_Work instructions_: What lines below contain the string "Rafale"? List them all.

(Data extracted from a collection)
--------------------------------
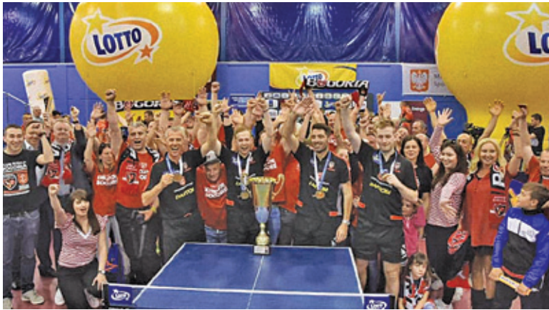
Siódmy tytuł Bogorii
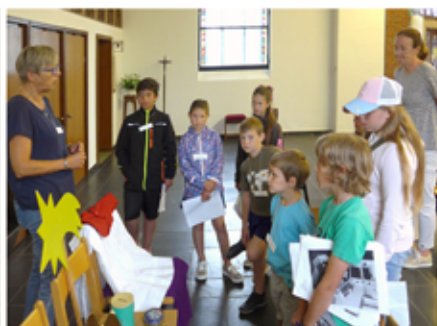
Das ist die Zeit des Kirchenjahrs
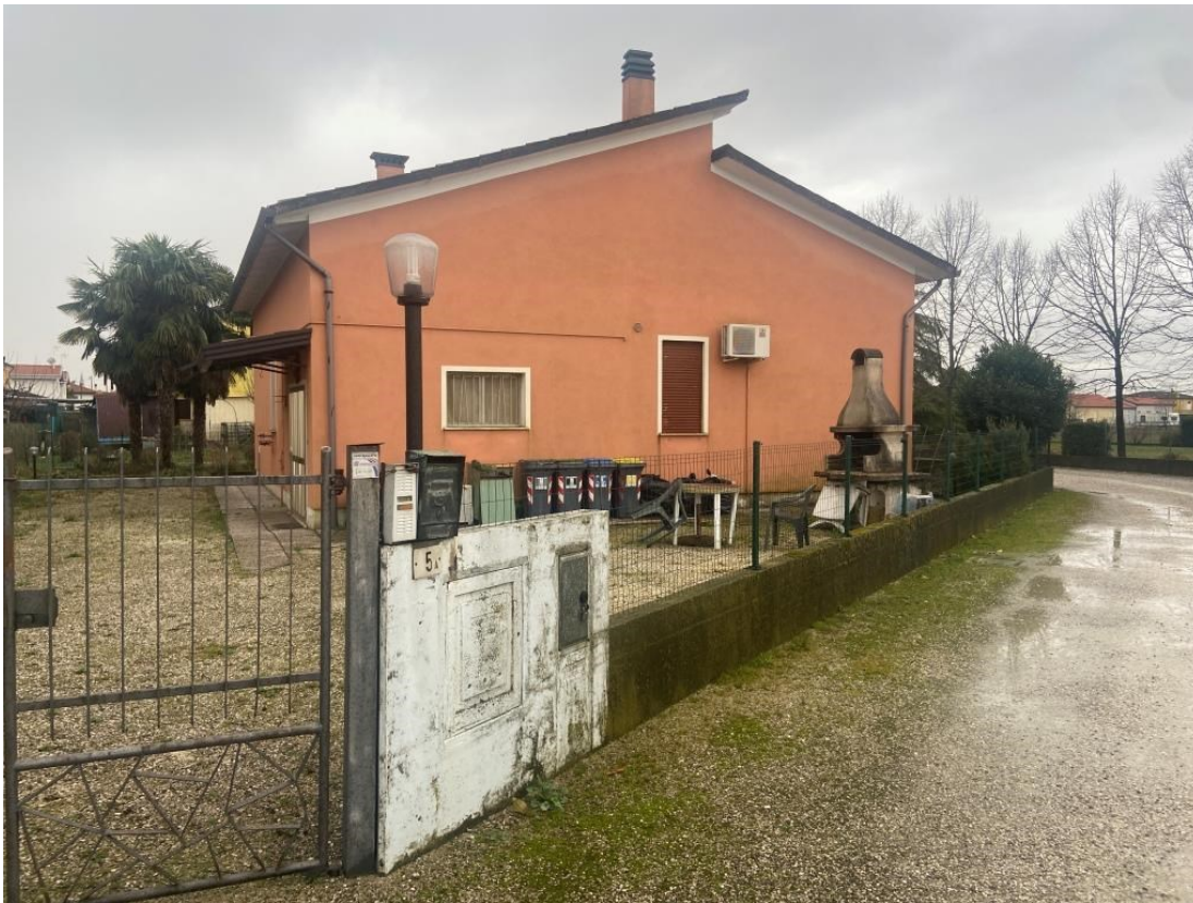
Esterni via Olmo Spinea 5/A
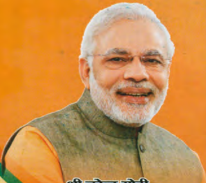
श्री नरेन्द्र मोदी माननीय प्रधानमंत्री, भारत सरकार
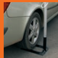
Pied Autocal en 2 parties. À caler sous la roue d'une voiture.
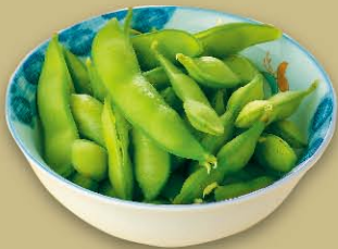
えだまめ 460円(税込506円)
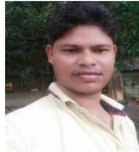
ପ୍ରସନ୍ନ ପ୍ରୟାସ ଭୂଏ (ପ୍ରୟାସ)

ଦୟା ଧୂରଜ୍ କେତେ ଦେଖାମା ସହି ନ ହଏ ଆଉ ରକମ୍, ସହେବାର୍ ସମା ଟପି ଗଲ୍ଲନ ମୁଲ୍'ହୁ କରିଦେମା ଖତମ୍ । ଉତାକେ ଉତା ମାଡି ବସୁଛନ୍ ପଛାଡୁ ଫିକୁଛନ୍ ବମ୍, କେତେ ସହେବୁ ଆଉରେ ଜୀବନ କେତେ ଧର୍ବୁ ଆର୍ ଦମ୍ । କେତେ ବୀର୍ ଜୀବନ୍ ହରଲେ ରକତେ ଭିଜଲ୍ ମାଁର୍ ଛାତି, ସାର୍ ଦେଶେ କାଲ୍ ପଡିଗଲ୍ ଯେଛା ହରିଆଲି ଉଆଁସ ର୍ତି । ଭିଜିଗଲ୍ ଦେଶ୍ ଲୁହର୍ ଧାରେ ମାଏଟ୍ ହେଲ୍ ରକତେ ଉଦା, ତାକର ବଲିଦାନ ବେକାର ନହଏ ପାକସ୍ତାନ କରଦେମା ପଦା । ହେଁକେଇ କାନ୍ଦୁଛେ ଭରତ ମାଁ ଅନାଥ୍ ହେଲେ କେତେ ଛୁଆ ,
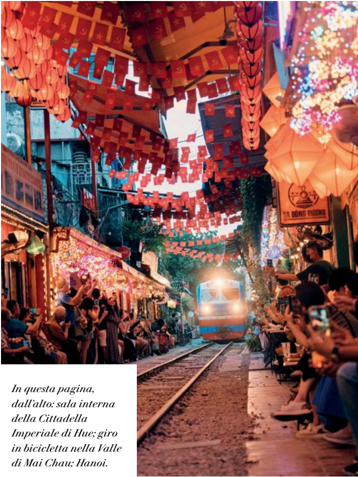
In questa pagina, dall'alto: sala interna della Cittadella Imperiale di Hue; giro in bicicletta nella Valle di Mai Chau; Hanoi.
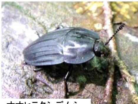
オオヒラタシデムシ
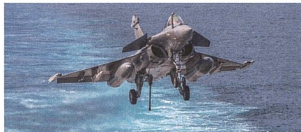
Rafale M neues Trägerflugzeug.

Nachdem die indische Luftwaffe bereits 36 Rafale-Kampffjets im Einsatz hat, setzt auch die indische Marine neu auf den französischen Fighter. Indien hat für ihre See-streitkräfte bei dem französischen Flug-
--------------------------------
_Response area_:
Rafale M neues Trägerflugzeug.
Nachdem die indische Luftwaffe bereits 36 Rafale-Kampffjets im Einsatz hat, setzt auch die indische Marine neu auf den französischen Fighter. Indien hat für ihre See-streitkräfte bei dem französischen Flug-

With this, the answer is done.